*** DATASET CONTENT ***
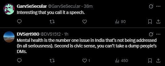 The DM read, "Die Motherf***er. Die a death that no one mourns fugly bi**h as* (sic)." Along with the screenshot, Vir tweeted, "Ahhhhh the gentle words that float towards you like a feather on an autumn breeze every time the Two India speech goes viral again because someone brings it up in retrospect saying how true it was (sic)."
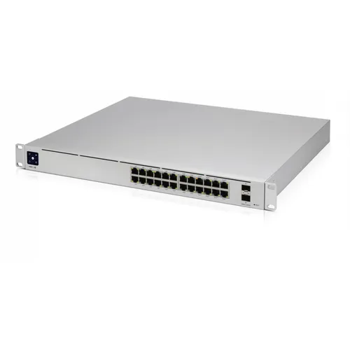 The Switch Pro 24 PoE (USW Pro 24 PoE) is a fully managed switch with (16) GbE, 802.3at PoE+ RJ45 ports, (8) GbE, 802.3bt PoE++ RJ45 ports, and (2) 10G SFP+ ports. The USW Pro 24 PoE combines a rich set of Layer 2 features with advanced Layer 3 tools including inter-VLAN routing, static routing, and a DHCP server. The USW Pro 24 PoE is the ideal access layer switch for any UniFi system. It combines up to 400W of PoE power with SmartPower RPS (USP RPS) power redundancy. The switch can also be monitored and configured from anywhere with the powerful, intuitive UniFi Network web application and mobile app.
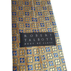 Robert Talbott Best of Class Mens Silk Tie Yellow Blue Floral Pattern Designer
*** End of DATASET CONTENT ***
*** DATASET CONTENT ***
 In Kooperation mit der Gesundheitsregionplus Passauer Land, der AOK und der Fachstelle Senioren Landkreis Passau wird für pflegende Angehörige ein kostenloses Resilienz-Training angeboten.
*** End of DATASET CONTENT ***
WHAT YOU WILL DO
Going by the data above, the answer is exactly the lines from the one holding "The Switch Pro" to the one holding "Robert Talbott Best", both kept, with the pictures left out.

ANSWER SECTION
 The Switch Pro 24 PoE (USW Pro 24 PoE) is a fully managed switch with (16) GbE, 802.3at PoE+ RJ45 ports, (8) GbE, 802.3bt PoE++ RJ45 ports, and (2) 10G SFP+ ports. The USW Pro 24 PoE combines a rich set of Layer 2 features with advanced Layer 3 tools including inter-VLAN routing, static routing, and a DHCP server. The USW Pro 24 PoE is the ideal access layer switch for any UniFi system. It combines up to 400W of PoE power with SmartPower RPS (USP RPS) power redundancy. The switch can also be monitored and configured from anywhere with the powerful, intuitive UniFi Network web application and mobile app.
 Robert Talbott Best of Class Mens Silk Tie Yellow Blue Floral Pattern Designer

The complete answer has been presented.